* **Extracted data entries**
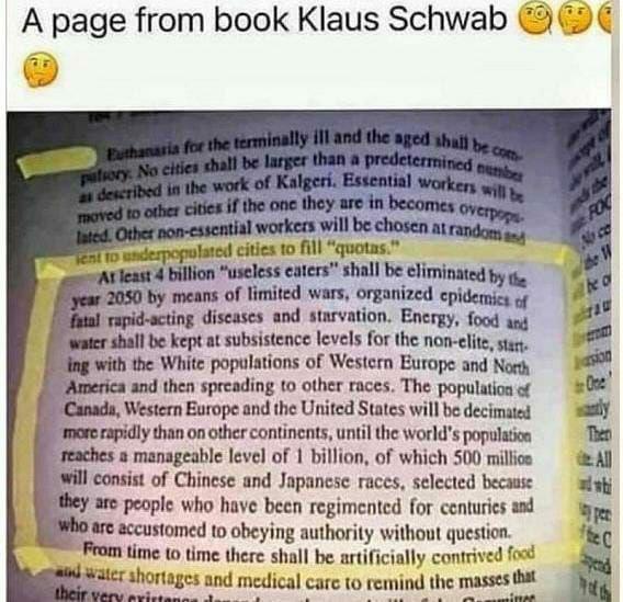 Este extracto no fue escrito por Klaus Martin Schwab. Fue tomado de un libro titulado "Jerarquía de conspiradores: la historia del Comité de los 300" (‘Conspirators’ Hierarchy: The Story of the Committee of 300) y escrito por el Dr. John Coleman (un autor británico y ex agente secreto del MI6): Al menos 4000 millones de "comedores inútiles" serán eliminados para el año 2050 mediante guerras limitadas, epidemias organizadas de enfermedades mortales de acción rápida y hambruna. La energía, los alimentos y el agua se mantendrán a un nivel de subsistencia para los que no pertenecen a la élite, con las poblaciones blancas de Europa occidental y América del Norte y la propagación a otras razas. Las poblaciones de Canadá, Europa occidental y Estados Unidos serán diezmadas más rápidamente que otros continentes, hasta que la población mundial alcance un nivel manejable de mil millones, de los cuales 500 millones estarán formados por las razas chinas y japonesas, seleccionadas porque son personas que han sido regimentadas durante siglos y que están acostumbradas a obedecer a la autoridad sin cuestionar.
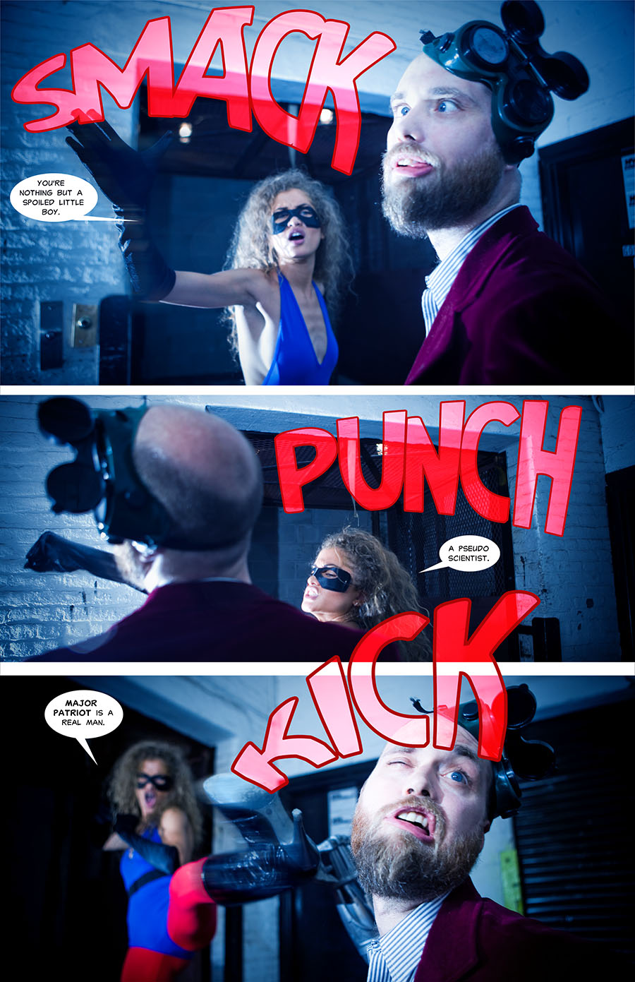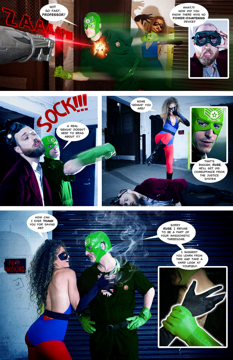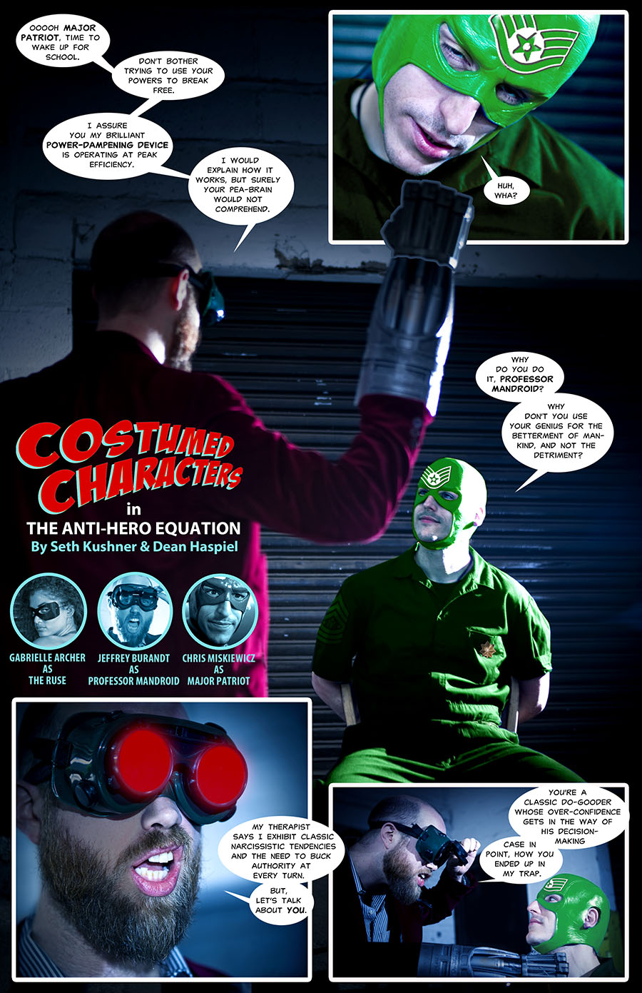 Costumed Characters is done in the spirit of the 1966 Batman TV series. So, it only makes sense that the format for these tales be “live action” fumetti, or photocomics. By utilizing and mixing photography and the language of comics, this series can stand apart from other superhero parodies while still feeling familiar.
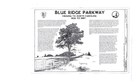 Drawing with tree, fence, and text discussing purpose, planning, and construction of the Blue Ridge Parkway
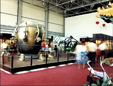 這三條線的所有展品,是被典型的中國皇家園林貫穿起來。展廳中央有一人工小湖,兩片池水由一羅鍋橋相隔。湖畔石筍、太湖石嶙峋,修郁郁蔥蔥。周圍是長廊、水榭,小橋旁有一個金碧輝煌的琉璃八角亭。
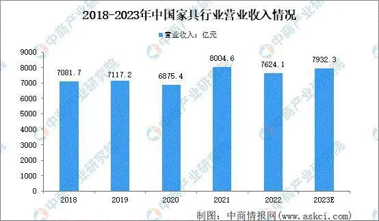 數(shù)據(jù)顯示,2022年受疫情和外貿(mào)等因素影響,我國家具行業(yè)規(guī)模以上企業(yè)實現(xiàn)營業(yè)務(wù)收入7624.1億元,同比下降-4.8%?;仡?018-2022年家具制造業(yè)營業(yè)收入情況:近年來,我國家具制造業(yè)營業(yè)收入總體呈小幅度下降趨勢,預(yù)計2023年我國家具行業(yè)復(fù)蘇營業(yè)收入將達(dá)7932.3億元。
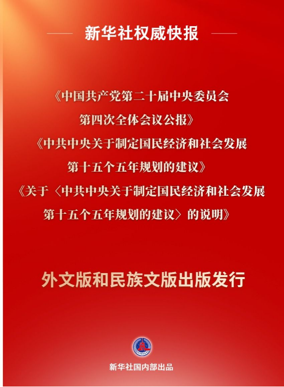 《中國共產黨第二十屆中央委員會第四次全體會議公報》《中共中央關于制定國民經濟和社會發展第十五個五年規劃的建議》《關于〈中共中央關于制定國民經濟和社會發展第十五個五年規劃的建議〉的說明》的英文、法文、西班牙文、日文、俄文、德文、阿拉伯文、葡萄牙文、越南文、老撾文等10種外文版已由中央編譯出版社、外文出版社出版,即日起向國內外公開發行。
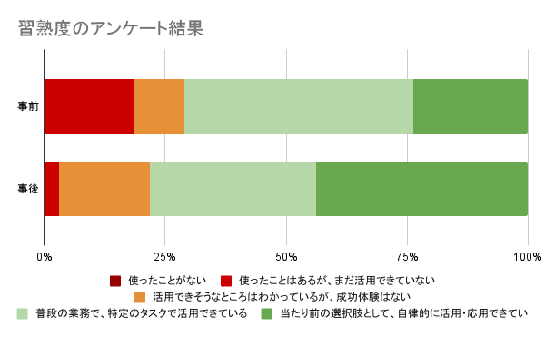 AI Enabling 会を実施した結果を評価するために、事後アンケートを実施しました。習熟度は事前と事後で比較して次の結果になりました。
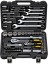 В комплект набора для авто входят следующие предметы: торцевые и свечные головки, трещотку, переходник для электроинструмента, биты и многое другое. Подробную комплектацию вы можете посмотреть в «Характеристиках», во вкладке справа.
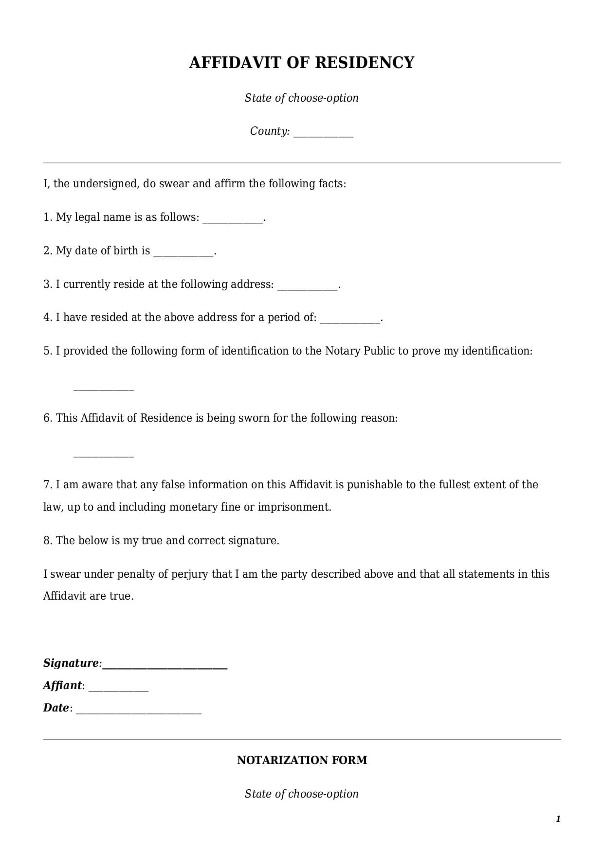 The text of a document must always include a reference to the name of a state and a county where this document is being notarized. For instance, an affidavit of residency Texas means that this affidavit is notarized in the state of Texas. Usually an affiant notarizes the document in the same county and state where they reside.

* **REQUIREMENT**
Each line above that falls between the line with "數(shù)據(jù)顯示,2022年受" and the line with "В комплект набора" should be printed exactly, together with those two lines, but the pictures should not.

* **TASK OUTPUT**
 數(shù)據(jù)顯示,2022年受疫情和外貿(mào)等因素影響,我國家具行業(yè)規(guī)模以上企業(yè)實現(xiàn)營業(yè)務(wù)收入7624.1億元,同比下降-4.8%?;仡?018-2022年家具制造業(yè)營業(yè)收入情況:近年來,我國家具制造業(yè)營業(yè)收入總體呈小幅度下降趨勢,預(yù)計2023年我國家具行業(yè)復(fù)蘇營業(yè)收入將達(dá)7932.3億元。
 《中國共產黨第二十屆中央委員會第四次全體會議公報》《中共中央關于制定國民經濟和社會發展第十五個五年規劃的建議》《關于〈中共中央關于制定國民經濟和社會發展第十五個五年規劃的建議〉的說明》的英文、法文、西班牙文、日文、俄文、德文、阿拉伯文、葡萄牙文、越南文、老撾文等10種外文版已由中央編譯出版社、外文出版社出版,即日起向國內外公開發行。
 AI Enabling 会を実施した結果を評価するために、事後アンケートを実施しました。習熟度は事前と事後で比較して次の結果になりました。
 В комплект набора для авто входят следующие предметы: торцевые и свечные головки, трещотку, переходник для электроинструмента, биты и многое другое. Подробную комплектацию вы можете посмотреть в «Характеристиках», во вкладке справа.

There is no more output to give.